Builder of dreams
Troy A. Bruzewski
Sunday, July 21, 2013
Schuler was working on race cars with friend Matt Kenseth before the two graduated from Cambridge High School. Both had aspirations of being professional stock car drivers and would travel to short tracks such as Jefferson Speedway and Madison International while spending their weekdays repairing their cars.
Schuler won the rookie of the year and season titles in the road warrior division at Columbus 151 Speedway in 1988, while Kenseth won the sportsman division title at Madison. Both were 16 years old.
“Neither of us had a whole lot of anything; we were racing on a small budget,” Schuler said. “It was a childhood dream we were trying to live for as long as we could.”
Kenseth was on a more accelerated progression through the local racing ranks than Schuler, who was reluctant to spend high dollars at such a young age.
In 1995, he was becoming competitive in the ARTGO Series—a late model series that was purchased by NASCAR in 1998, and a series where Kenseth earned his first win in 1991.
While both drivers had success, Kenseth chose to move south in hopes of someday landing a NASCAR ride, while Schuler continued to tour Wisconsin.
Schuler stayed in touch with Kenseth while he climbed the ranks in NASCAR. Then a life-changing call—as often happens on the race track—came from the crew chief. In the summer of 1999, Kenseth's former competitor-turned-crew chief Robbie Reiser rang Schuler.
“Robbie asked me if I'd be interested in driving their Busch (now Nationwide Series) car,” Schuler said. “I told him, 'Heck yes,' in an instant. I figured it was my only chance for something like this.”
Schuler signed for a limited schedule for the team Reiser was the listed as owner of, driving the No. 17 Visine Chevrolet and sharing the ride with Kenseth.
“Racing in NASCAR is a 24/7 deal; there is no time,” Schuler said.
Schuler started 11 races in 2000 and failed to qualify for another. His best qualifying effort was sixth at Gateway Motorsports Park, where he also matched his season-high finish of 14th.
But the team never became a full-time operation for Reiser and Kenseth. Schuler said he competed in a few more Busch events the following two years, but his most productive NASCAR season came in 2003.

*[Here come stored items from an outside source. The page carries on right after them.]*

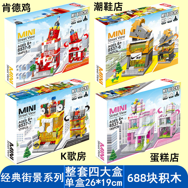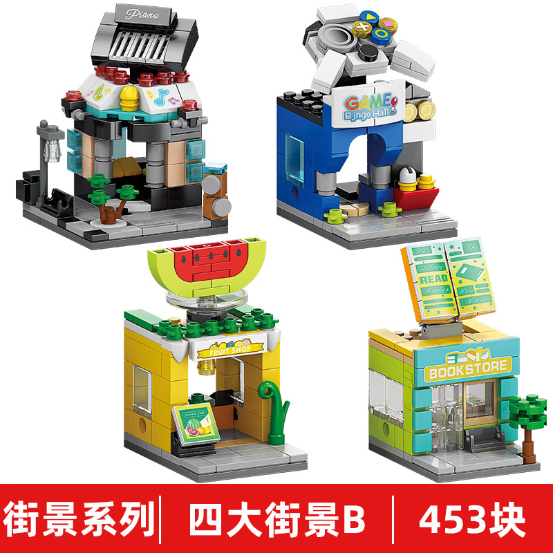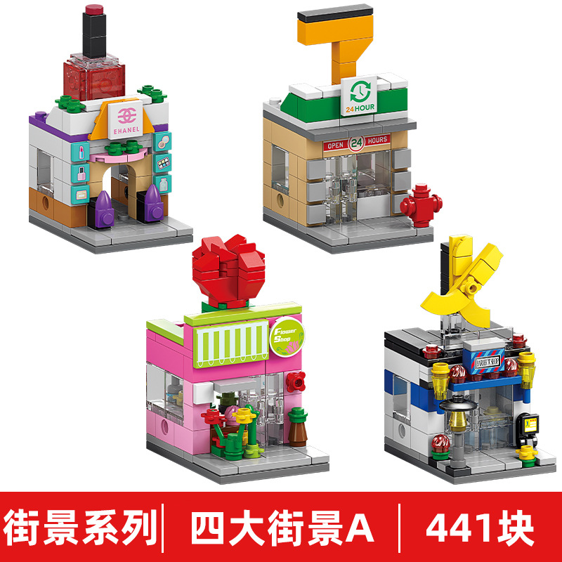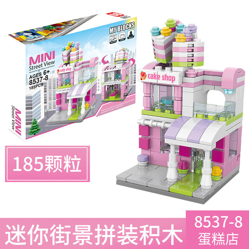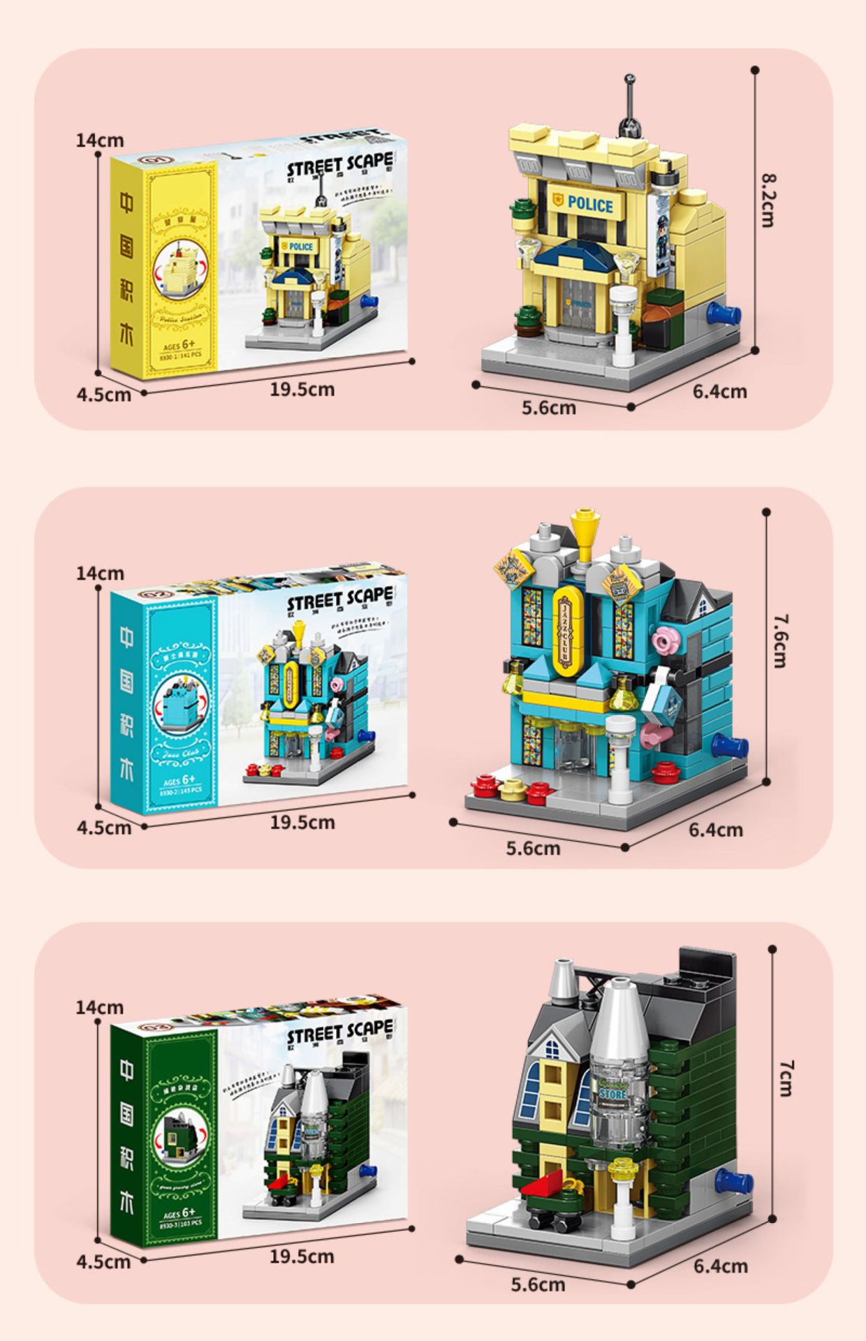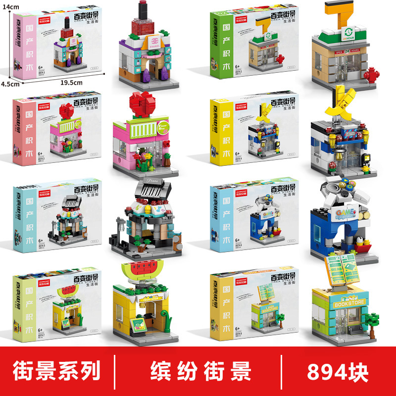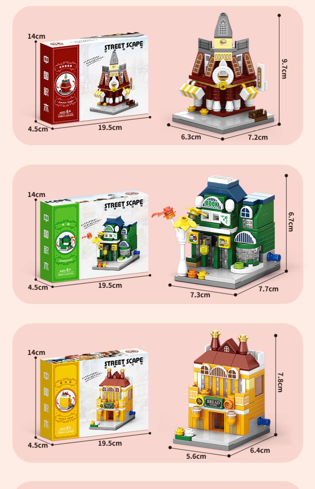 2025 새로운 빌딩 블록 작은 입자 유럽 거리 풍경 건물 모델 어린이 조립 장난감 남성 졸업생 생일 선물스토어 가기
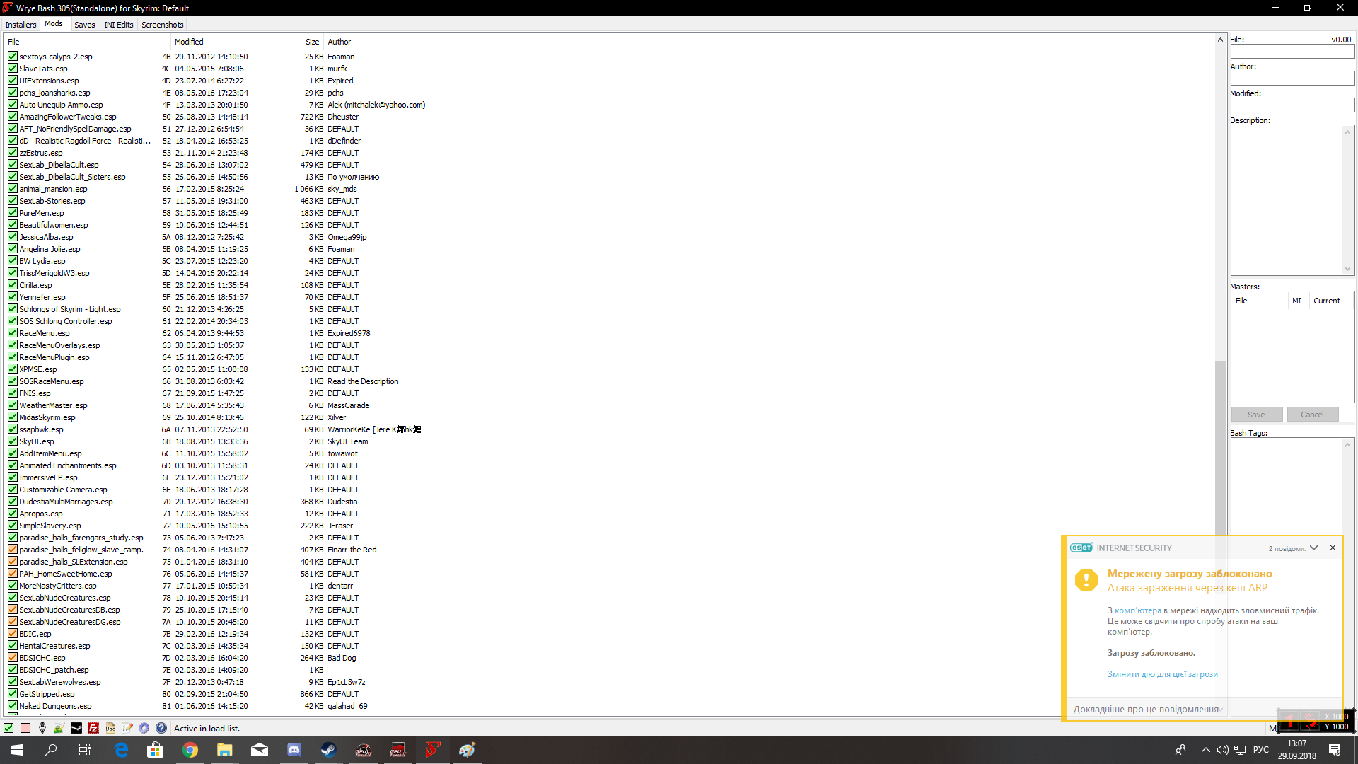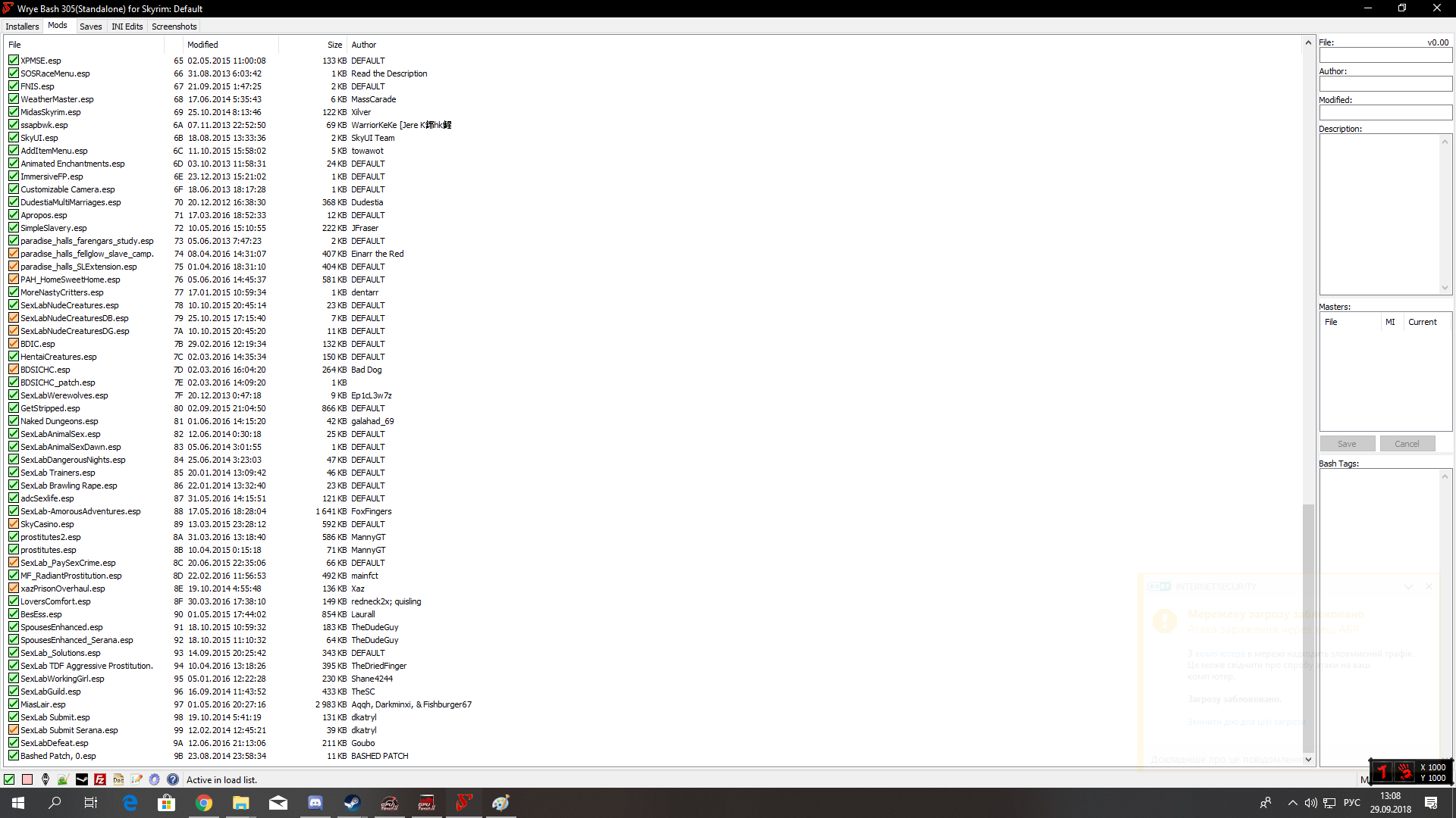 Нашел причину, отключение мода книга любви (TBOS.esp) исправляет проблему.
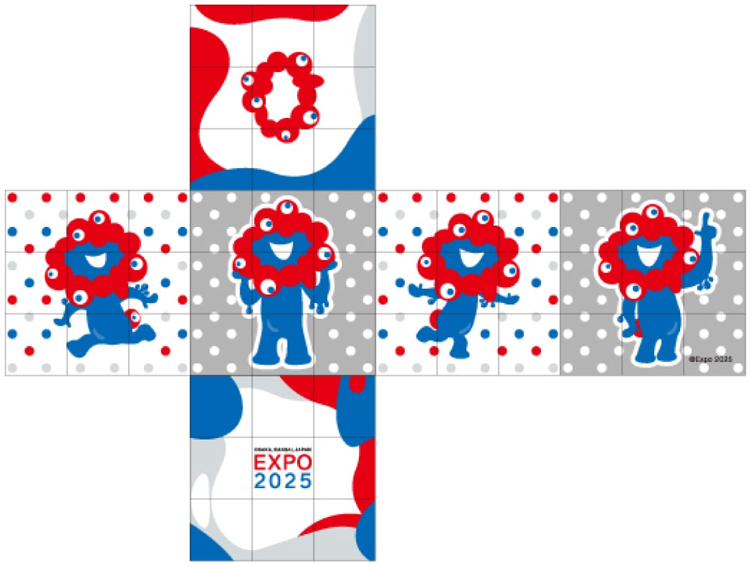 上段の角2つは 色ドット背景でミャクミャクの赤い細胞がちょっとだけある 似たようなパーツですが、 真横に並ぶ赤いドットが判別の手がかりになります。
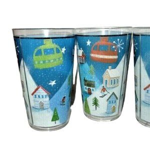 Ski Lodge Acrylic Tumbler 4-Pc Snow Skiing Mountains Trees 19-oz Each Gift NEW
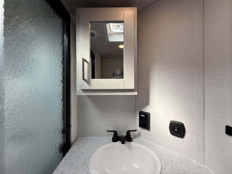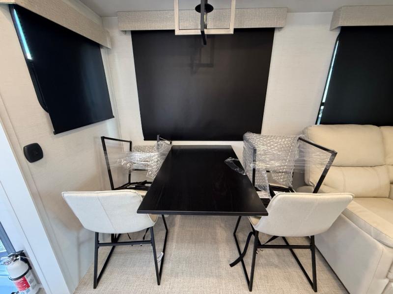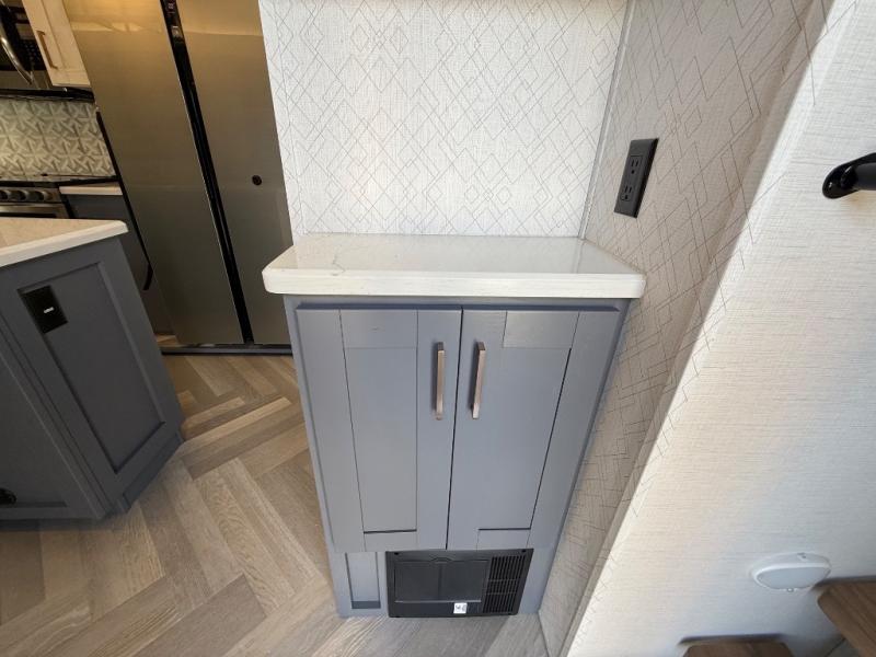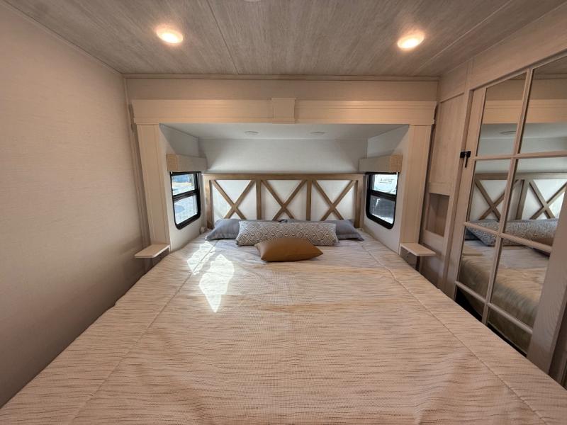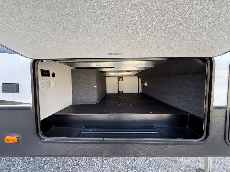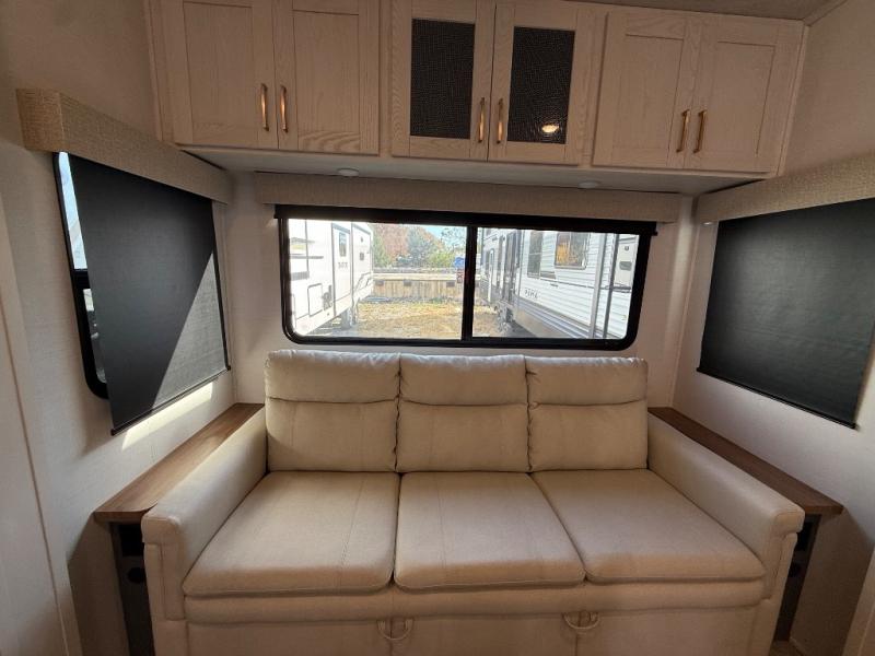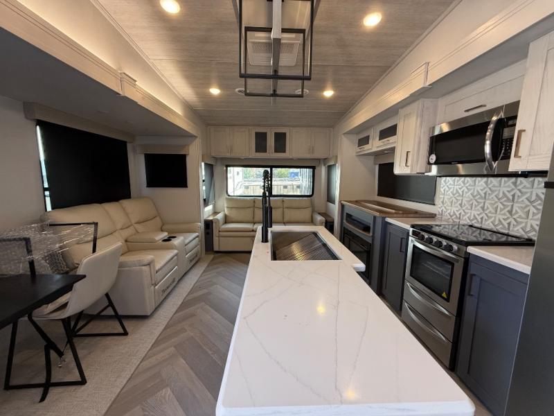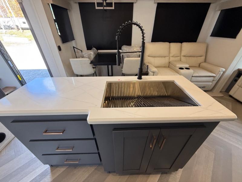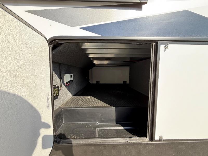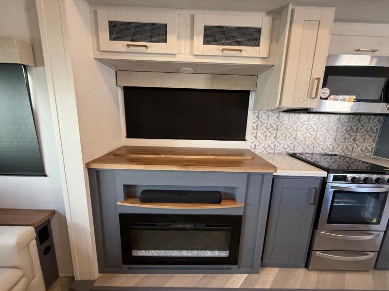 From the front private bedroom with a king bed slide out to the rear living area with theater seating and a fireplace, you'll love every minute spent in this fifth wheel. The dual opposing slides in the main living area provide tons of space to stretch out, and the kitchen island here will tie the whole room together. Your crew can spend the evenings watching a movie on the large LED Smart TV with a lift, or head outdoors to relax under the 15' electric awning with LED lights. The full bath features a shower, plus a Deluxe Skyview skylight for added natural lighting. You won't have to worry about sacrificing storage space thanks to the bedroom wardrobe with mirrored doors, the kitchen walk-in pantry, plus the exterior pass-through storage!

He ran 27 races for Havill-Spoerl Racing and earned a career-high finish of 13th at Nashville Speedway. The following season was his last in NASCAR, running seven races before returning to Wisconsin.
When the opportunity arose, Schuler took a shot at the top level of stock car racing. But that path was now closed. The next one opened not long after returning to Wisconsin.
Schuler remained active in preparing race cars, and when he was offered a chance to purchase Pathfinder Chassis in Sun Prairie, he called another friend and former competitor, Joe Wood.
“That was a short conversation,” Schuler said. “I asked Joe if he wanted to be partners and buy it. I think within about five minutes, I already was talking to the former owner about specifics.”
Since October 2005, Schuler and Wood have built hundreds of race cars and have worked on hundreds more. Young drivers and veterans alike come through the Pathfinder shop, including Schuler's high-school chum and former boss, Kenseth.
Pathfinder builds race cars for Kenseth and his son, Ross. For Schuler and Wood, it's normal to start from zero and have a race-ready chassis and body in six weeks. That top-to-bottom service often costs between $40,000 and $50,000, without necessities like a motor and transmission.
“It used to be that kids would always say they want to be Michael Jordan or Brett Favre, but now there are many who say they want to be Jeff Gordon or Kasey Kahne,” Wood said. “It's expensive to follow that path, and we try to explain everything that's involved before moving forward with someone just getting involved with racing.”
While drivers like Kenseth have the technical ability but lack the time, others have never been in a situation to learn it. Pathfinder caters to both. Schuler and Wood both said they encourage clients who want to learn to take part.
“We more than welcome any of the drivers to come and help or watch the work that's done on the car,” Schuler said. “That only helps them, and the longer they race, the longer we're in business.”